Horses have evolved to require much less sleep than humans. Over the course of the day they will often sneak naps several minutes long. In total they might average around 3 hours per day. During their naps they can stand upright. For deep sleep they do lay down but they need to feel safe and secure in order to do so.
9. It’s just a horse…
It’s better if you filter this phrase our before the words leave your lips but it is something I hear often. There is a deep bond between horse-owners and their equines and it is indescribable. Until you feel that connection you may never understand so please be aware and try to understand the existence of this bond.
There is a feeling one gets when you are able to connect with such a massive animal; to communicate with this animal. Most horse owners are able to communicate better with their horse than with other humans. The horse and owner become a team mentally, physically, and dare I say it, spiritually. A horse owner notices the slightest change in a horses temperament or behavior and can sense when something’s amiss. Just the same when the human is feeling blue the horse knows. This is a point of pride among horse people and it’s part of the fiber that makes us who we are. To say the “it’s just a horse” takes away parts of our very being.
10. Where do you keep it, in your backyard?

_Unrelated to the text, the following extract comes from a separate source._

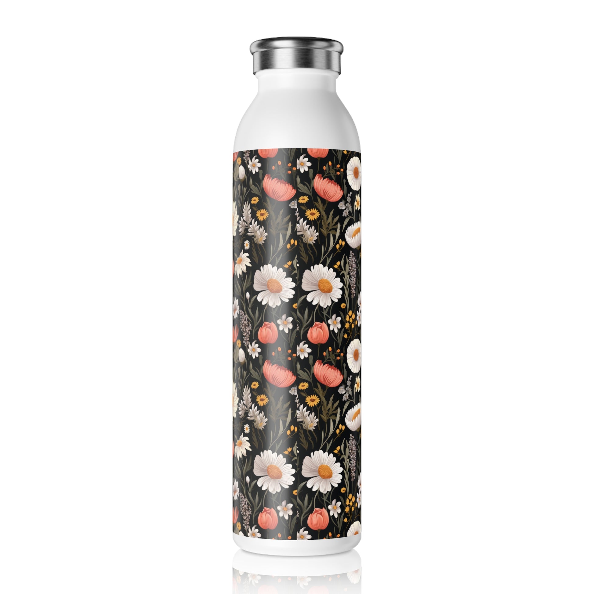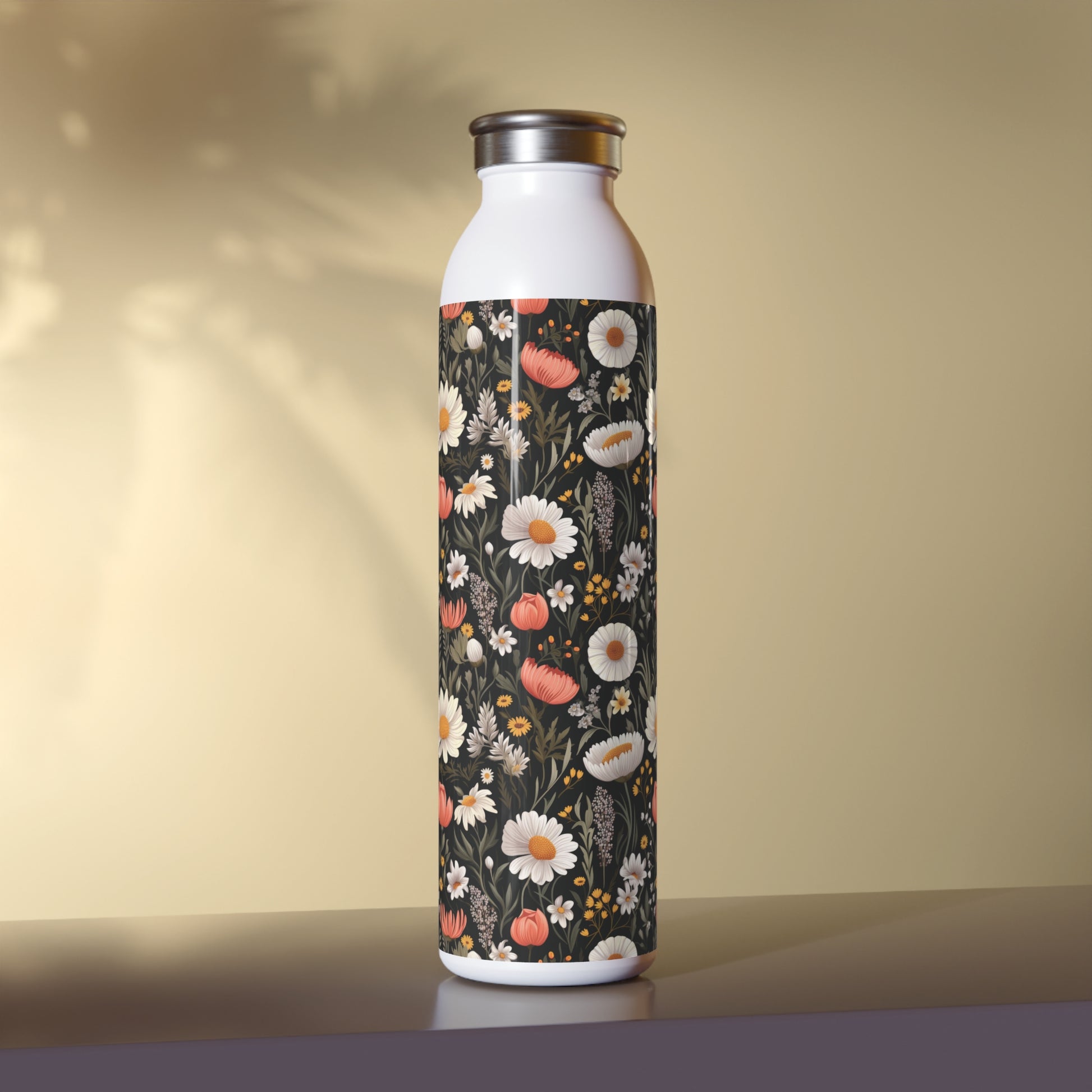 Blossom Elegance: Noir Garden Slim Water Bottle

Not likely. Most people board their horses with others at a private farm. The farm owner and horse owner agree to a monthly fee and discuss the expectations and the horse stays on this farm. Depending on the agreement the farm owner may feed, turnout, and care for the horse or it may be up to the horse owner to provide all the care. This varies from farm to farm so horse owners often need to decide what’s important to them in order to find the perfect situation.